Published Date: 11 October 2009
By Tom English
SIMPLE RED, right corner pocket. It's a bread and butter shot. It's easy. Most days, Ronnie O'Sullivan could make that pot with a blindfold on, could make it on auto-pilot, almost without knowing he'd done it.
This is the three-time world champion we're talking about, a phenomenon who once took a fraction over five minutes to compile a magical 147, who inspires awe among his fellow pros, who is unquestionably the most naturally talented player who ever picked up a cue. Last Wednesday, all he had to do was bang in that red and John Higgins would have been a beaten man, blown out of the Grand Prix in Glasgow by the Rocket.
But Ronnie didn't make the pot. He didn't even feel comfortable standing over it. He was looking at a routine ball and he couldn't put it away. Lost the frame and then the match. Went back down south with a shrug. Somebody said that maybe he needs a new tip on his cue. "Need a new head on me shoulders, more like," he replied.
It's Friday evening and he's laughing. You mention some of the things that have been said about him by writers and players and he's chuckling. All that Ronnie-on-the-psychologist's-couch stuff. The drink, the drugs, the depression, the dad in prison for murder, the demons that close in on him.
Laughing.
"Ah, it's a long story, mate. I won't bother you with it. But I get great enjoyment out of listening to people analyse me, seriously thinking that they know what the problems are and they're so far off the map it's funny. Gonna save my breath. Pointless. Let them off. Let them think they know what they're talking about."

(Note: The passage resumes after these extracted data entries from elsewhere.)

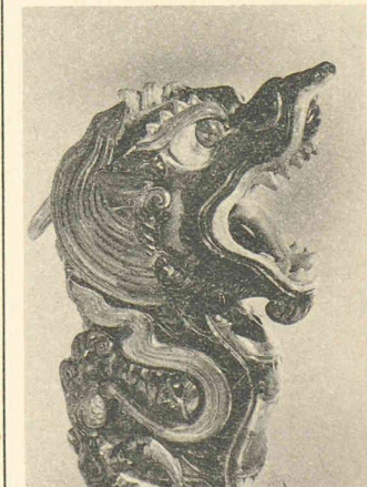
Dragon porte-bonheur de l'époque Ming, symbolisant la prospérité et la fertilité. Il est impossible de le dater: plus le visage s'humanise, plus il est récent.
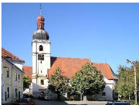
Obr. č. 2 Kostel sv. Jana Křtitele

Druhou nejzajímavější památkou v Chudenicích je Starý zámek, kolébka rodu Czerninů z Chudenic. Její dosud poznané základy pocházejí přibližně z poloviny 14. století, ale stejně jako u kostela, lze i v případě této pamětihodnosti předpokládat, že na jejím místě stávalo panské sídlo mnohem starší. Ve stavební historii Starého zámku se promítají tři důležité mezníky. První zásadní úpravu prodělala stará gotická tvrz po husitských válkách, kdy byly využity nové poznatky o palných zbraních, a celý areál byl doplněn baštami, které doplnily její fortifikaci. Velmi zásadní proměnou prošlo staré nepohodlné feudální sídlo na konci 16. století za Humprechta Czernina z Chudenic, kdy byla tvrz přestavěna na pohodlnější renesanční zámeček. Z této doby pochází nejen sgrafitové fasády na části objektu, ale také půvabný Andělský pokoj a Černá kuchyně. Dnešní podobu zámku vtiskla až pozdně barokní přestavba za Prokopa Czernina z Chudenic, která proběhla roku 1776 pod vedením architekta Karla Ballinga. Zámek je v majetku městyse Chudenice, je veřejnosti přístupný a od roku 2000 prochází náročnou adaptací. Návštěvníci si mohou v interiérech prohlédnout regionální muzejní expozici, czerninskou zámeckou expozici vybavenou původním nábytkem ze zámku Lázeň u Chudenic, rodnou síň básníka a spisovatele Jaroslava Kvapila, expozici Josefa Dobrovského a farnosti Chudenice.
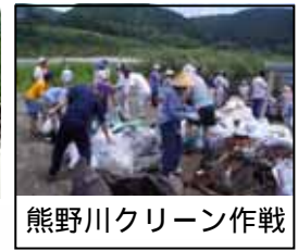
熊野川クリーン作戦
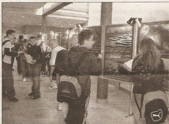
Les élèves ont eu des questionnaires à remplir

Le travail réalisé par trois élèves de 3e a eu les honneurs de la chaîne télévisée LCI.
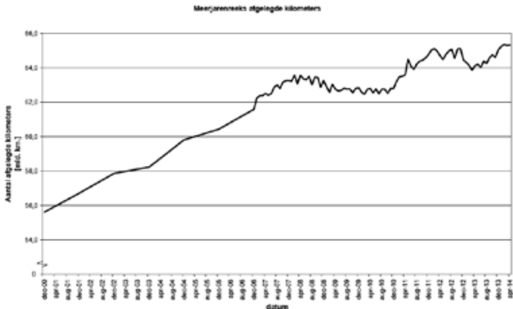
Figuur 11: Ontwikkeling afgelegde kilometers op het Rijkswegennet, uitgezet over de tijd (RWS, 2014b).

Maar hoe verhouden deze cijfers zich dan tot de berichten die ons de afgelopen tijd via de media bereikt hebben waarin een grote afname blijkt van autobezit onder jongeren, en dan met name onder de jongeren onder de 26 (CBS, 2013b)? Helemaal interessant hierbij is dat deze afname in autobezit onder jongeren niet alleen in Nederland aan de gang is, maar dat dit ook gevonden wordt in veel andere landen zoals Zweden, Frankrijk, Australië, de VS en Japan. Deze trend valt niet primair te verklaren door de economische crisis, aangezien een nadere analyse laat zien dat deze trend zich al voor de crisis heeft ingezet. Rest ons wederom de vraag: Zijn we als mens echt aan het veranderen, met andere behoeftes? Hebben jongeren van nu daadwerkelijk minder intrinsieke behoefte aan auto-mobiliteit? 'Liever een iPad dan een auto' werd er al snel in de media van gemaakt. Maar wat blijkt nu uit nader onderzoek van het Kennisinstituut voor Mobiliteitsbeleid? Jongeren kiezen niet voor autoloos, maar voor een auto later (KIM, 2014). Waar het autobezit onder jongeren daalde met 4% is het aantal jongeren dat zijn of haar rijbewijs haalt nog steeds even groot. Jongeren hebben geen andere levenshouding dan een aantal jaren geleden, ze wachten alleen iets
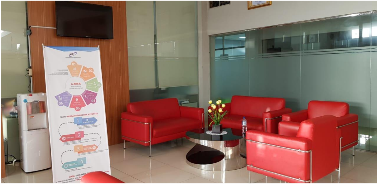
Gambar 4. Banner Pembangunan Zona Integritas
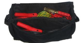
Bolsa para cables
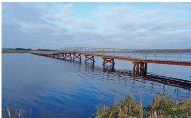
Den nye bro over søen fra 2014.

Vilsted Kajakklub: Holder til i huset ved Vilsted havn. Bliv medlem og få adgang til foreningens kajaker. Se mere her: vilstedif.dk
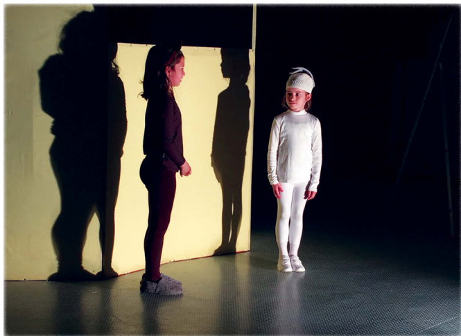
A Négyszögletű kerekdő csoport Balatonfüredről
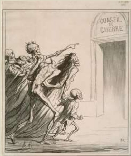
Honoré Daumier - La Silueta y Le Charivari, alrededor de 1830

Ilustradores de periódicos. Europa, siglo XIX.
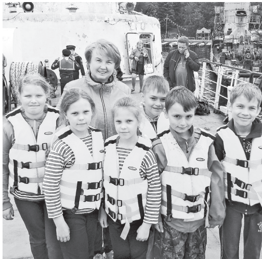
На настоящем боевом корабле
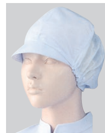
⑦482-32 2枚入 (女子帽子・6枚ハギメッシュ付) ¥3,000 サイズ:フリー(最大65cm)
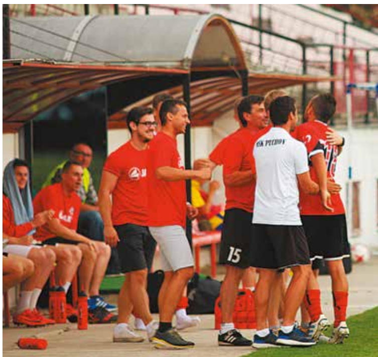
Radost na Púchovskej lavičke po góle do siete rezervy Dunajskej Stredy
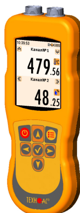
Рисунок 18 – Общий вид термометров контактных цифровых ТК-5 модификации ТК-5.27
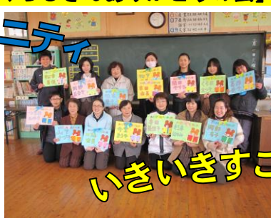
【むくろじさんありがとうの会】
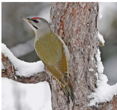
Oiseaux: pic cendré
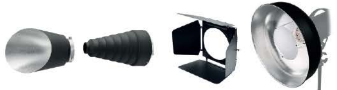
백 리플렉터 스누트 리플렉터 반도어 리플렉터 뷰티디쉬 리플렉터

But he can't help himself. Ronnie's a talker. Doesn't hide much. Very little is off limits as far as he's concerned. He was brought up honest, he says, and that's the way he'll always be.
"Maybe I should take a lesson in talking bollocks," he says. "Lie to all them reporters. Say the usual stuff that everyone else says. But I don't want to be a robot. Don't want to be like the others. I find it hard to hide my emotions. That's why I'm better off not doing interviews. I'm doing this one, but I don't do many. Honestly, I like to keep myself to myself a lot of time because I know I'm gonna spill it all out and they're going to go, 'Oooooh!' But this stuff is just normal, it's just a normal day in the life of me. I don't want to keep telling people how I'm feeling because it gets a bit boring and I get sick of the sound of my own voice sometimes. You know what I mean? But I feel all right at the moment. Yeah, I'm good."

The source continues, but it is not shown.